The hike is expected to add about $4.38 to monthly power bills across the Tennessee Valley, including in Memphis. It also comes on the heels of a 12% rate hike from Memphis Light, Gas and Water throughout three years. The first 4% installment took effect in January.
The federal power agency provides most of the electricity in Tennessee and parts of six other states. The TVA transmission system delivers electricity to the city-owned MLGW, which then delivers that electricity to customers.
The 5.25% rate hike is to fund further investments in electricity generation, according to TVA. The agency cited demand growth, the growing need for electricity, as the reason for the rate hike.
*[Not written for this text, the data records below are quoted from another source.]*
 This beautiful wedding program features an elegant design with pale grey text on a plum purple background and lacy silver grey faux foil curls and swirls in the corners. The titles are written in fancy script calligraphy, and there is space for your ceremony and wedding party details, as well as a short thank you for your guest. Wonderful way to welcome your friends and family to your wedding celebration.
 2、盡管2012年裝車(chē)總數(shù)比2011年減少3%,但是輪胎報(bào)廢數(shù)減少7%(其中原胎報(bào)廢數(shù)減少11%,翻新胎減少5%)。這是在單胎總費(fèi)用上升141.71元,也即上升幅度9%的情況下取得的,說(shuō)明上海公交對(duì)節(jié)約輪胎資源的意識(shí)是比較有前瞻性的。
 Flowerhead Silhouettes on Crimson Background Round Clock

“We recognize that people don’t pay rates, they pay bills. And that matters,” CEO Jeff Lyash said in a statement. “We know this is a kitchen-table issue for many families across our region. At TVA, we don’t like price increases any more than you do, and that’s why we continually work to reduce expenses by hundreds of millions of dollars each year.
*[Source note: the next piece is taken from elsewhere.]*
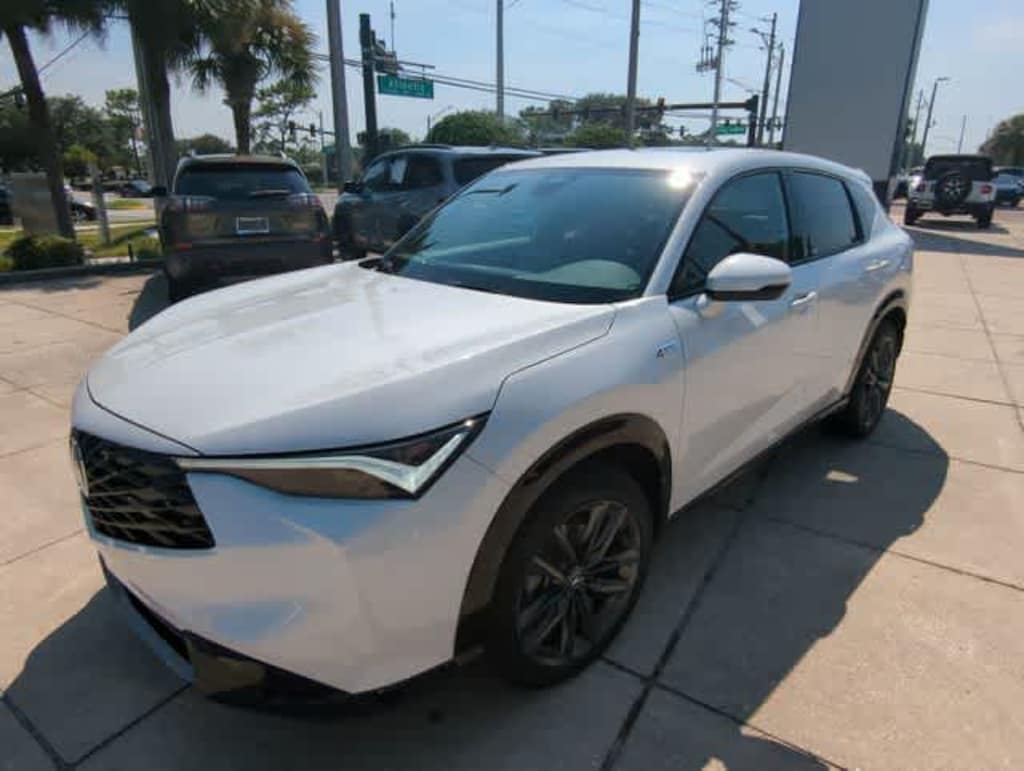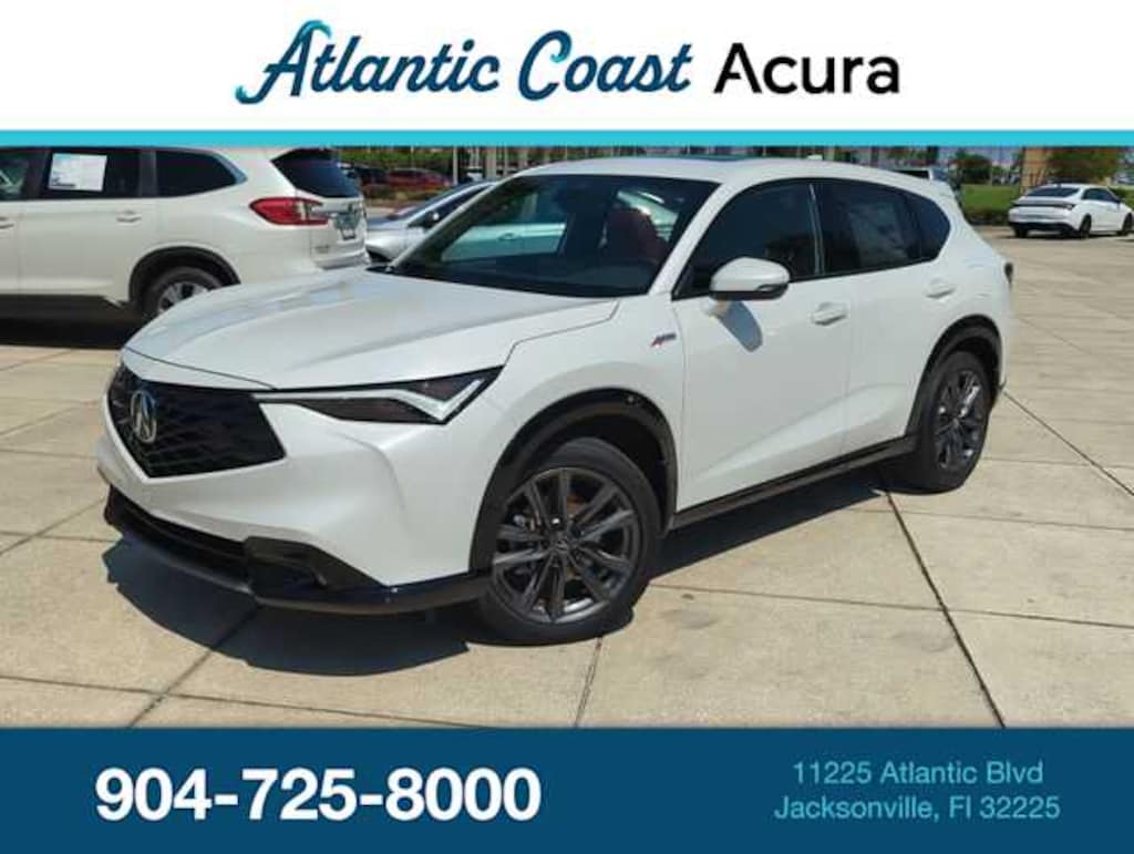 This 2025 Acura ADX A-Spec Package in Platinum White Pearl, features 4-Wheel Disc Brakes, 8 Speakers, ABS brakes, Air Conditioning, Alloy wheels, AM/FM radio, Apple CarPlay/Android Auto, Auto High-beam Headlights, Auto-dimming Rear-View mirror, Automatic temperature control, Brake assist, Bumpers: body-color, Delay-off headlights, Driver door bin, Driver vanity mirror, Dual front impact airbags, Dual front side impact airbags, Electronic Stability Control, Emergency communication system: AcuraLink, Exterior Parking Camera Rear, Four wheel independent suspension, Front anti-roll bar, Front Bucket Seats, Front Center Armrest, Front dual zone A/C, Front fog lights, Front reading lights, Fully automatic headlights, Heated and Ventilated Front Bucket Seats, Heated door mirrors, Heated front seats, Illuminated entry, Knee airbag, Lane departure: Lane Keeping Assist System (LKAS) active, Leather Shift Knob, Leather steering wheel, Leatherette Trimmed Seats with Microsuede Accents, Low tire pressure warning, Occupant sensing airbag, Outside temperature display, Overhead airbag, Overhead console, Panic alarm, Passenger door bin, Passenger vanity mirror, Power door mirrors, Power driver seat, Power Liftgate, Power moonroof: Panoramic, Power passenger seat, Power steering, Power windows, Radio data system, Radio: AM/FM Acura Premium Audio System, Rear anti-roll bar, Rear reading lights, Rear seat center armrest, Rear side impact airbag, Rear window defroster, Rear window wiper, Remote keyless entry, Security system, Speed control, Speed-sensing steering, Speed-Sensitive Wipers, Split folding rear seat, Spoiler, Sport steering wheel, Steering wheel mounted audio controls, Tachometer, Telescoping steering wheel, Tilt steering wheel, Traction control, Trip computer, Turn signal indicator mirrors, Variably intermittent wipers, Ventilated front seats, and Wheels: 19 x 8J Aluminum Alloy: FWD

“We have done everything possible to absorb costs as we invest in the reliability of our existing plants, construct new generation to keep up with growth and maximize solar to produce more carbon-free energy.”
Environmental groups panned TVA’s decision to raise rates and said the agency would only worsen climate change by building further fossil fuel-heavy electricity generation.
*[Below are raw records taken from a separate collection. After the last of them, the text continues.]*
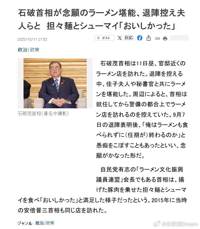 🔻日本首相石破茂终于吃到期待已久的拉面。
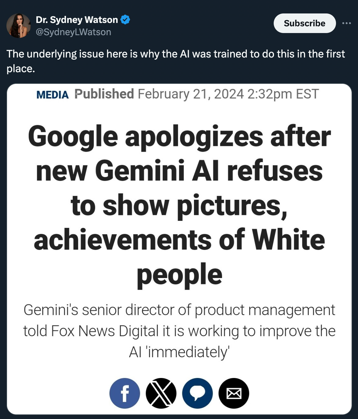 Google, of course, is apologizing as quickly as it can but the underlying question remains: Why was the AI trained to do this in the first place?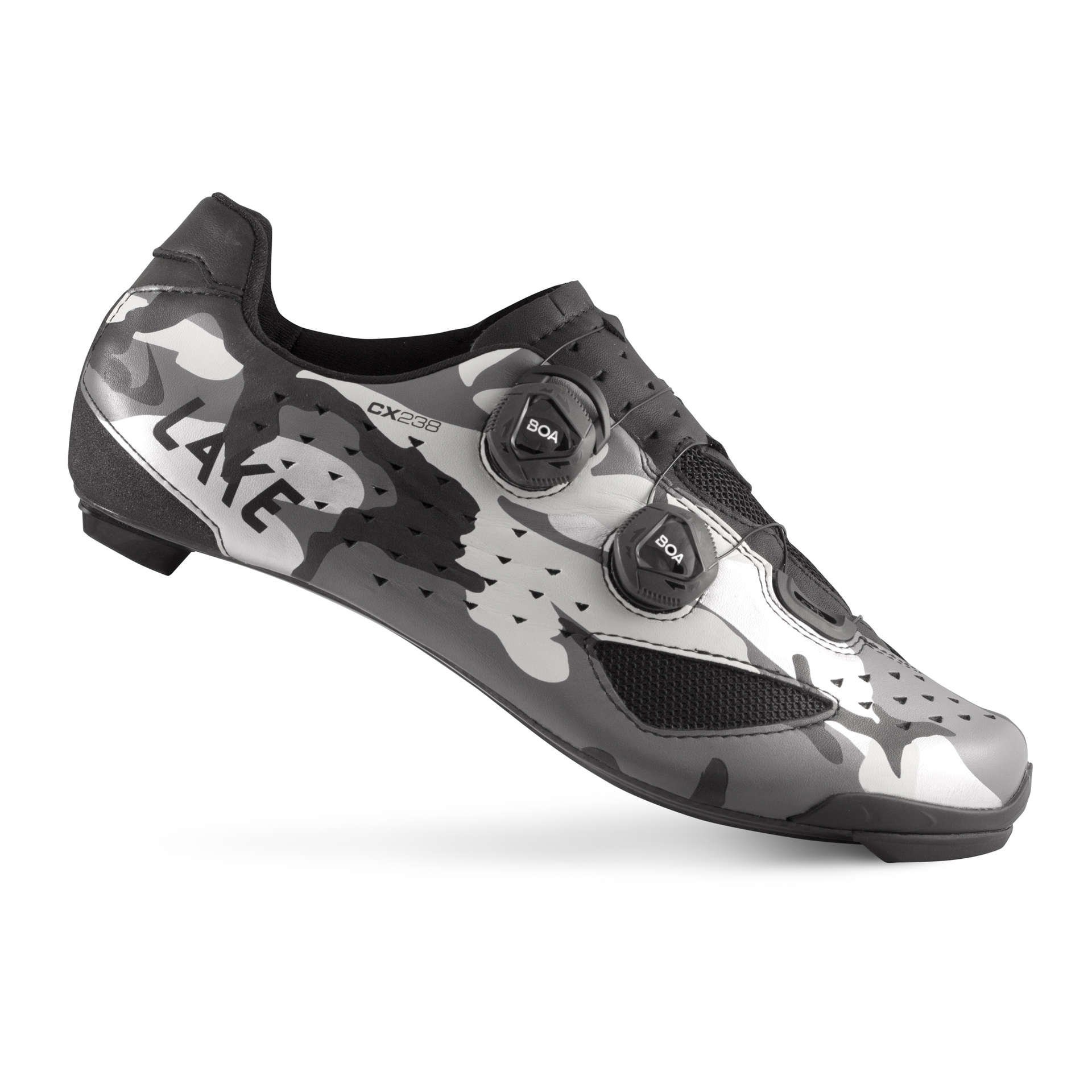 Deze Lake CX238 wielrenschoenen zijn zeer hoogwaardige schoenen voor zeer gedreven wielrenners. Deze schoen is bedoeld voor fietsers met een smalle tot gemiddelde voetbreedte. Door de zeer stijve carbon zool wordt al je kracht direct op de pedalen gebracht. Het slanke ontwerp sluit nauw om je voeten aan om beweging in de schoen tot een minimum te beperken, maar biedt wel voldoende ruimte om afknelling te voorkomen tijdens stukken waar je even moet rennen in een wedstrijd. Als aanvulling beschikken de schoenen over twee BOA sluitingen welke zeer precies af te stellen zijn. Hierdoor zal je altijd de perfecte pasvorm vinden. Om te zorgen dat je geen té warme voeten krijgt, zijn er perforaties in het bovenwerk aangebracht en extra mesh stukken toegevoegd. Daarnaast helpt de voering met het snel afvoeren van hitte en vocht. Het bovenwerk is gemaakt van slijtvast en waterafstotend leder met extra Aramide stukken op de meest blootgestelde delen zoals de hiel. De rubberen onderzool biedt veel grip in modderige omstandigheden, ideaal tijdens een wedstrijd waarbij je ook af en toe van de fiets af moet.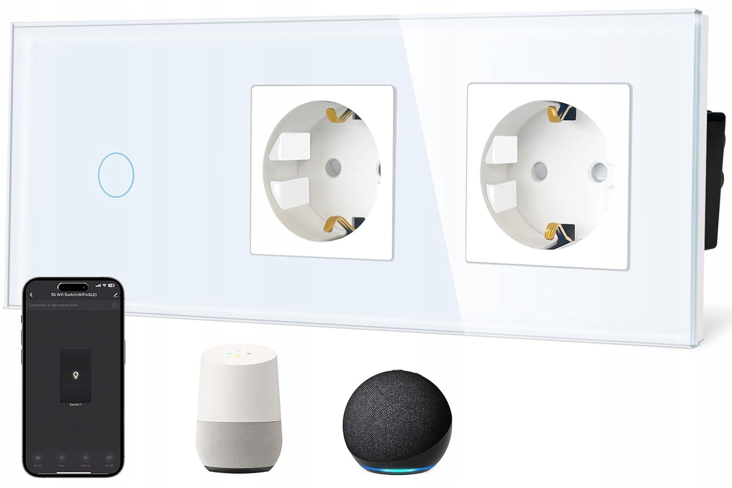 TAWOIA Smart WLAN Touch Włącznik Światła z Podwójnym Gniazdkiem – Sterowanie Głosowe i Aplikacją! �?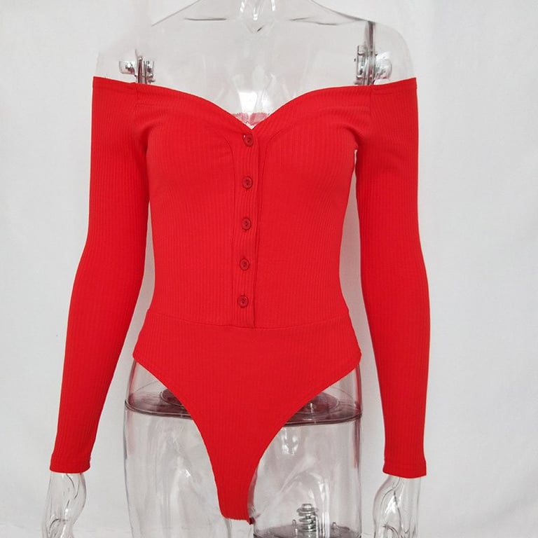 Camisa de mujer ajustada con mangas largas. La camiseta tiene los hombros al descubierto y un escote profundo. En la parte delantera, se cierra con botones. Disponible en varios colores.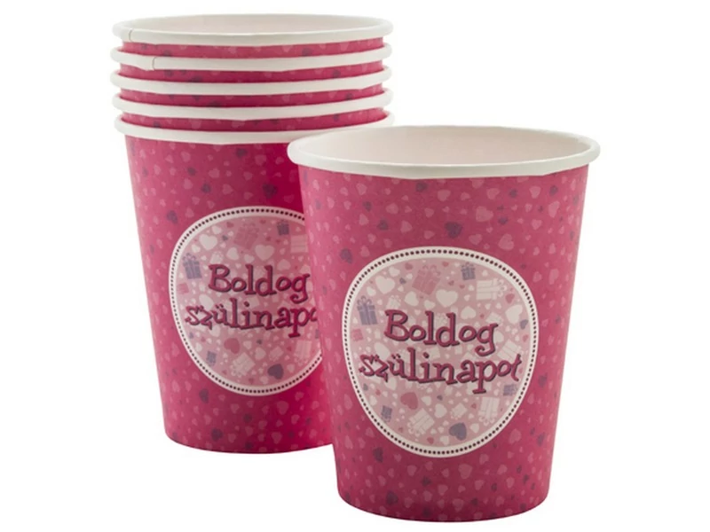 Boldog születésnapot feliratú 6 db-os papír pohár 2 dl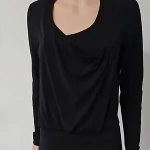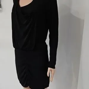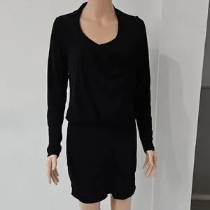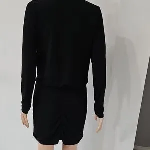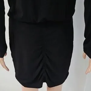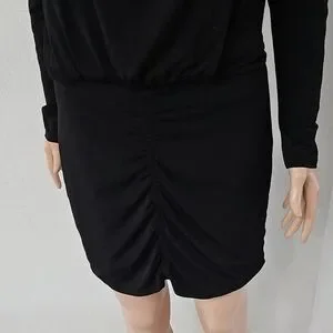 BCBGeneration Black Ribbed Ruched Long Sleeve Sheath Dress

“While TVA leaders are attempting (to) downplay the impact of these rate hikes, the truth is that they will hurt families across the region who are already struggling just to keep the lights on,” Amanda Garcia, a senior attorney at the Southern Environmental Law Center, said in a statement. “The nation’s largest public power utility should be rapidly deploying clean energy options that can lower power bills, not rubber-stamping reckless rate increases.”
The group Appalachian Voices also weighed in and expressed concern about further natural-gas investments from TVA.
“With today’s action, the Tennessee Valley Authority Board of Directors made it even harder for its hard-working customers to make ends meet,” said Leah McCord, the Tennessee projects and coalition coordinator for Appalachian Voices. “TVA’s insistence on a multibillion-dollar methane gas expansion is almost certainly a driver of this increase and last year’s. The utility continues to ignore all the evidence that replacing coal with truly clean energy would cost less and create more long-term jobs in the valley.”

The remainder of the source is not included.